Being a Palestinian under Israeli occupation will not help someone make a good film, according to Rashid Masharawi, but a good film-maker will help Palestine.
With his anthology film From Ground Zero (in Arabic: From Zero Distance) he attempts to do just that by bridging the space between the Palestinians in Gaza who have endured a campaign of annihilation behind closed doors to those around the world watching as an incomprehensibly vast tragedy unfolds in real time.
The result is a collection of 22 shorts by Palestinian film-makers, ranging from documentary to vignettes and animation, which turns our attention not only to the past – and to the unrelenting violence of the present, when the death toll in Gaza continues to climb – but also to the future and what cannot be taken.
“Cinema can protect memory and can keep Palestinians on the ground because films are like dreams, ideas. Nobody can occupy dreams. Nobody can occupy ideas. Nobody can occupy memory … Nobody can occupy your imagination,” said Masharawi in an interview in London ahead of the film’s release in UK cinemas on 12 September.

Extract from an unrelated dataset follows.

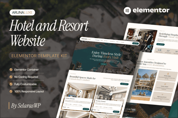 ArunaLuxe is an Elementor Pro Template kit featuring a visually stunning, immersive, and user-friendly design that makes it easy to showcase your property’s unique charm. From elegant room showcases and breathtaking galleries to seamless booking inquiry forms, this template kit provides everything you need to create a captivating online experience that converts visitors into guests.

“We have to be optimistic. We have to tell the people: ‘Tomorrow it’s a better day. Keep dancing, keep creating, keep making films, because it means you have the future.’”

In a poignant start, we see in Selfie by Reema Mahmoud a woman compose a letter to an unknown friend that by the end is a message in a bottle cast into the sea. In Soft Skin, Khamis Masharawi captures young children learning stop animation to convey the horrors of parents inscribing their limbs with their names should a bomb hit.
But there are moments of dark humour too in Hell’s Heaven as the narrator wakes up in a body bag. Only one film, Taxi Wanissa, is left incomplete as director Etimad Washah appears with a testimony partway through: with the death of her brother and his children, she could not continue.
In the anthology – which was Palestine’s official entry to the 2025 Academy Awards – we see as people forge ahead despite being beset with new, unimaginable realities. And yet with the persistent buzzing of drones overhead, people continue to dance. In a sky that often rains bombardments and less often aid, children still fly kites. The weight of books left behind is measured against that of grief, and the sea is described to us as the only horizon. Drum sets are made from empty food tins, tea is shared, songs are still sung.
The films are noticeably devoid of the images of violence and maimed bodies that have poured out of Gaza for nearly two years – which made it “possible for people to watch and deal with” these films, added Masharawi.

Filming months after 7 October and into 2024, film-makers became both the storytellers and the story. Thoughts of cinema were difficult to prioritise when refuge, food, loss and trauma took precedence under bombardment. When electricity was cut in the enclave it was impossible to charge equipment, and at times days passed with no communication.
The process was difficult, admitted Masharawi, not just as a Palestinian born in the al-Shati refugee camp in Gaza, but as a human being. It means having to face all that Israel is doing, he said, and with members of his own family killed and homes destroyed, it’s very difficult, he added, to always share personal stories.
“I believe in the power of the cinema, the image, the culture, the documentation,” said Masharawi resolutely. “It’s very important because people get used to, with time, slowly, the images they are watching on televisions. It’s the same. They see explosions, they see ambulances, they see martyrs.
“This reminds them who they are, these people you are discussing. It’s very important,” he added.
If the film serves to remind us of the lives behind the more than 64,000 killed in Gaza, it also reminds us of the attempts made to silence Palestinian voices.
In July, Palestinian activist Awdah Hathaleen was killed by an extremist Jewish settler in the West Bank after working on the filming of the Oscar-winning documentary No Other Land. The industry itself has seen a shift over time – “very late”, adds Masharawi – as a growing chorus of film professionals calls for boycotts and signs open letters condemning the worsening humanitarian crisis.
“Some things,” said Masharawi, “if it comes late, it’s better than if they did not come at all.”
But the tide of public opinion has held little sway over Masharawi, who since becoming the first Palestinian to show a feature at Cannes with Haifa in 1996, returned to Cannes in 2024 in protest. After organisers expressed their desire to keep politics out of the event, Masharawi staged tents like those in Gaza and screened From Ground Zero.
“It’s very important,” he tells me, “to make the films for life, for tomorrow – to make it with hope.”